Exercise data:
****

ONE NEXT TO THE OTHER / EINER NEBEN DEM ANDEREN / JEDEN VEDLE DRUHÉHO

****

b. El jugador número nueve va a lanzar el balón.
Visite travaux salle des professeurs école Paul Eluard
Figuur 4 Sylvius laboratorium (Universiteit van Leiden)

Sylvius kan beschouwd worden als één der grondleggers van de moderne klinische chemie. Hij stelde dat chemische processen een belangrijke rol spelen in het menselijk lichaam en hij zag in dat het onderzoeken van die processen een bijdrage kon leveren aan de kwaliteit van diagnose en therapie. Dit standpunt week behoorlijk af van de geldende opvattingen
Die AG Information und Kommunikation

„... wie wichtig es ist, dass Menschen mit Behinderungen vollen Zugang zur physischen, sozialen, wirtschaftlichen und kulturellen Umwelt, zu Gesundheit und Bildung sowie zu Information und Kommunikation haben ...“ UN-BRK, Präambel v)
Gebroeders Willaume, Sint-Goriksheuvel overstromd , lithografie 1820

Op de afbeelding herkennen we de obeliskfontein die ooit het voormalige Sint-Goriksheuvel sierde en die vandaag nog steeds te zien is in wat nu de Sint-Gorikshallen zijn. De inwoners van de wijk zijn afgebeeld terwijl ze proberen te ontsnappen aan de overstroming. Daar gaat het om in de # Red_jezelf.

****

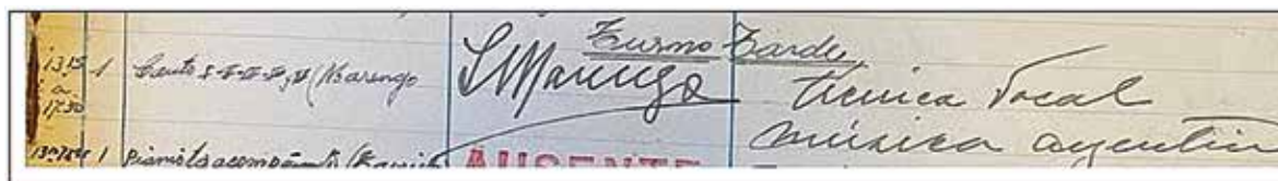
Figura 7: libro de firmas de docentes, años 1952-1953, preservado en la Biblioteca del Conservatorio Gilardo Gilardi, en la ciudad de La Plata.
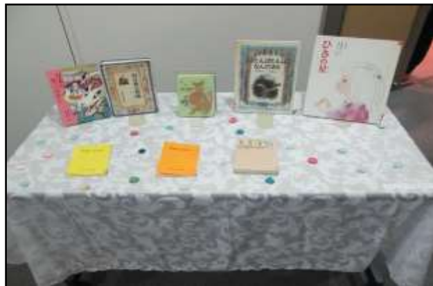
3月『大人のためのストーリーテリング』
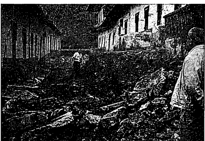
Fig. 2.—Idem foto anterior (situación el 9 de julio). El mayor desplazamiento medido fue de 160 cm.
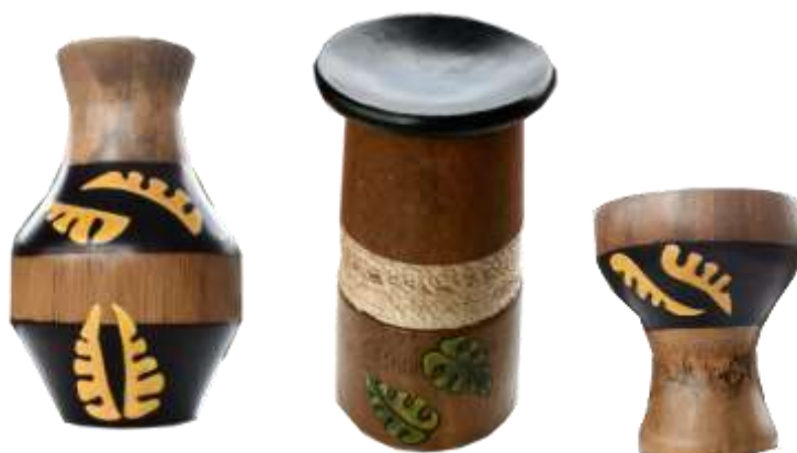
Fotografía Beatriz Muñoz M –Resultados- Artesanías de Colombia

****

Brief:
When the string "Kommunikation" appears in a line of the records above, that line is to be copied.

Expected output:
Die AG Information und Kommunikation
„... wie wichtig es ist, dass Menschen mit Behinderungen vollen Zugang zur physischen, sozialen, wirtschaftlichen und kulturellen Umwelt, zu Gesundheit und Bildung sowie zu Information und Kommunikation haben ...“ UN-BRK, Präambel v)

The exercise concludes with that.